SUPPLIED DATA

:::::

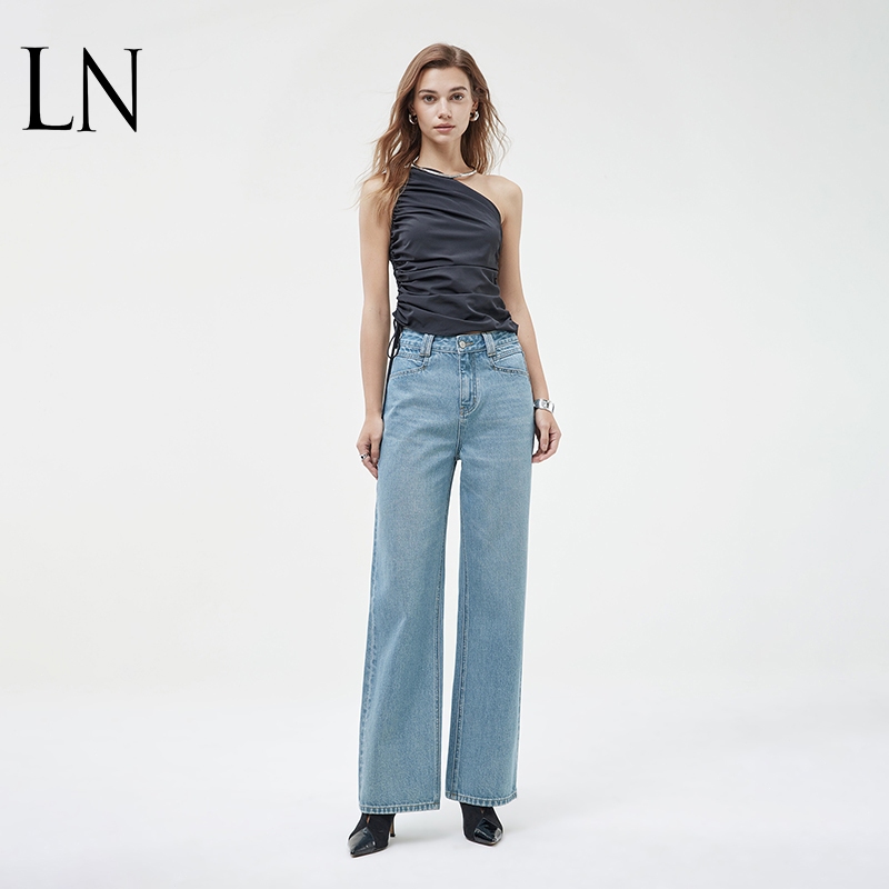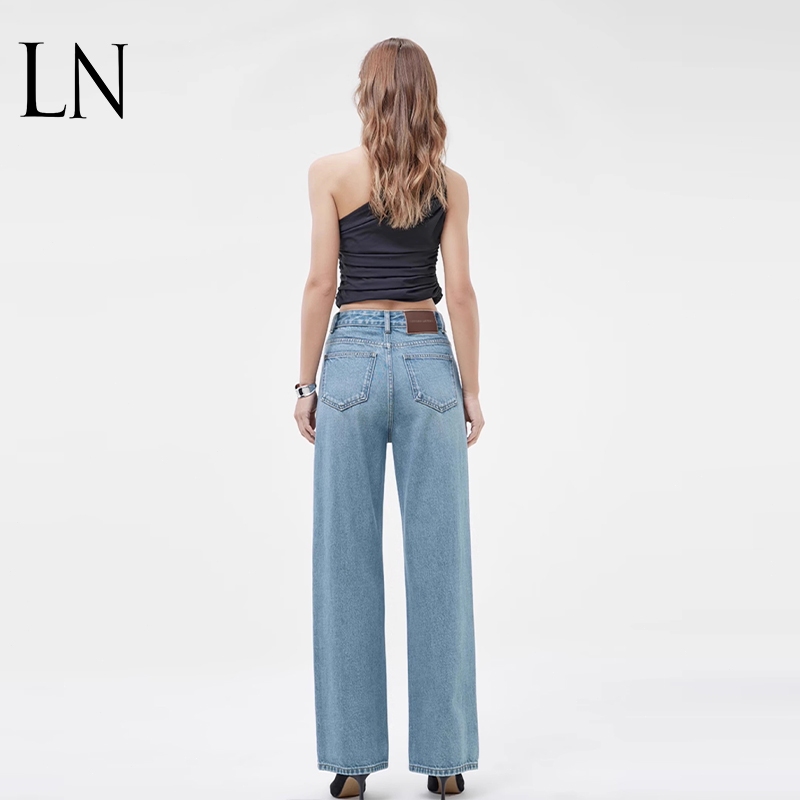 Celana jeans wanita Jeans highwaist celana wanita korean style kulot Straight blue loose pants
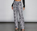 Keep your outfit looking so sassy with these flared pants that bring those fierce vibes! The pants feature a snake print pattern. a high-rise waist with a tie waist belt. a straight leg. and a flared hem. The pants are composed of a brushed knit fabric that offers a form hugging fit with a moderate stretch. Complete look with a bustier and lug heels.
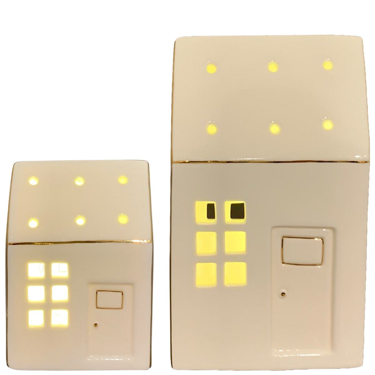 Dieses stilvolle LED-Lichthaus aus weißem Porzellan bringt den skandinavischen Charme in dein Wohnzimmer. Mit seiner warmen LED-Beleuchtung sorgt es für eine stimmungsvolle Atmosphäre und ist perfekt, um dein Weihnachtsdorf oder deine festliche Dekoration zu vervollständigen. Ob auf dem Sideboard, der Fensterbank oder als Highlight in deinem Regal - dieses Porzellanhaus passt perfekt zu deiner Weihnachtsdeko.

:::::

WHAT THIS TASK INVOLVES
Copy the listing exactly. No images belong in the copy.

SOLUTION TO THIS EXERCISE
 Celana jeans wanita Jeans highwaist celana wanita korean style kulot Straight blue loose pants
 Keep your outfit looking so sassy with these flared pants that bring those fierce vibes! The pants feature a snake print pattern. a high-rise waist with a tie waist belt. a straight leg. and a flared hem. The pants are composed of a brushed knit fabric that offers a form hugging fit with a moderate stretch. Complete look with a bustier and lug heels.
 Dieses stilvolle LED-Lichthaus aus weißem Porzellan bringt den skandinavischen Charme in dein Wohnzimmer. Mit seiner warmen LED-Beleuchtung sorgt es für eine stimmungsvolle Atmosphäre und ist perfekt, um dein Weihnachtsdorf oder deine festliche Dekoration zu vervollständigen. Ob auf dem Sideboard, der Fensterbank oder als Highlight in deinem Regal - dieses Porzellanhaus passt perfekt zu deiner Weihnachtsdeko.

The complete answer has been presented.